Ленинград 23 декабря 1941 г. Мороз под тридцать градусов, уже давно выпал снег, который никто не убирает, и все ходят по протоптанным тропинкам. Как всегда утром, я иду в соседний дом № 11 в булочную за хлебом (мне 12 лет), выдают по карточкам по 125 граммов и мне и маме. Хлеб тяжелый и вязкий, муки не больше 50%, остальное — бумага и какие-то добавки.
В полутемной булочной (электричества давно нет) стоят всего 5–6 женщин, молчаливые и растерянные, такое же выражение лица и у продавщицы. Я подхожу к прилавку. «Девочка, сегодня хлеба выдавать не будем, на хлебозаводе нет воды и электричества», — говорит она мне. Я выхожу на улицу. «С чем же мы будем пить кипяток, который уже готовит на «буржуйке» мама, и никаких продуктов у нас уже давно нет». Конец месяца, наши карточки уже отоварены, остался только один талон на 200 граммов крупы. Беру дома карточку и иду в дом № 6 на другой стороне улицы (мы жили на Смольном проспекте), покупаю ячневую крупу, так как другой нет и, крепко прижимая к груди маленький пакетик, иду домой. Светло. Уже повезли на санках покойников, завернутых в простыни и привязанных к санкам веревками, они плоские и прямые, как доски. Их везут через Неву, которая совсем рядом, по Охтинскому мосту на Пискаревское кладбище. Никто не плачет и не разговаривает.

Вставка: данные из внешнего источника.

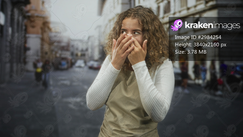 Young woman with curly hair covers mouth with hands, laughing in an urban street with historic buildings; joy playfulness.

24 декабря — опять хлеб не выдают. По-прежнему мороз и покойники.
Санитарки за оказанием помощи пострадавшим
от вражеского обстрела 1943 г. |
25 декабря — хлеба нет. Мы с мамой почти целый день лежим в кровати и слушаем радио. Передают прекрасную симфоническую музыку и стихи. Утром на нашем проспекте — сплошной поток покойников. Проехали две грузовые трехтонки с высокими бортами, доверху наполненные мертвыми замерзшими подростками-ремесленниками в своих черных шинелях и в шапках с торчащими во все стороны руками и ногами. Бегу домой, так как смотреть на это уже нет сил.
26 декабря — выдали хлеб. Ничего до этого вкуснее я еще не ела.
31 декабря пришел домой на Новый год мой опухший, почерневший папа, еле-еле передвигая ногами. Он служил в ПВО судостроительного завода «Северная Верфь» и сказал, что 26 декабря в городе умерло от голода 126 тысяч человек. Позднее эта цифра встречалась мне в официальных и печатных изданиях.
Как я осталась живой!
Я родилась в прекрасном городе Ленинграде. Когда началась война, мне было восемь лет. Родители были в длительной командировке, папа был военным. Я осталась с бабушкой и дедушкой. Жили мы на Васильевском острове, в Гавани.
8 сентября 1941 г. немцы замкнули кольцо блокады по суше. Снабжение стало возможным только по воздуху или через Ладожское озеро. Многократно начали снижать нормы выдачи продуктов, а выдача хлеба сократилась до 125 граммов. Это был блокадный хлеб — черный, тяжелый, с суррогатами. Начались морозы. Холодно и голодно.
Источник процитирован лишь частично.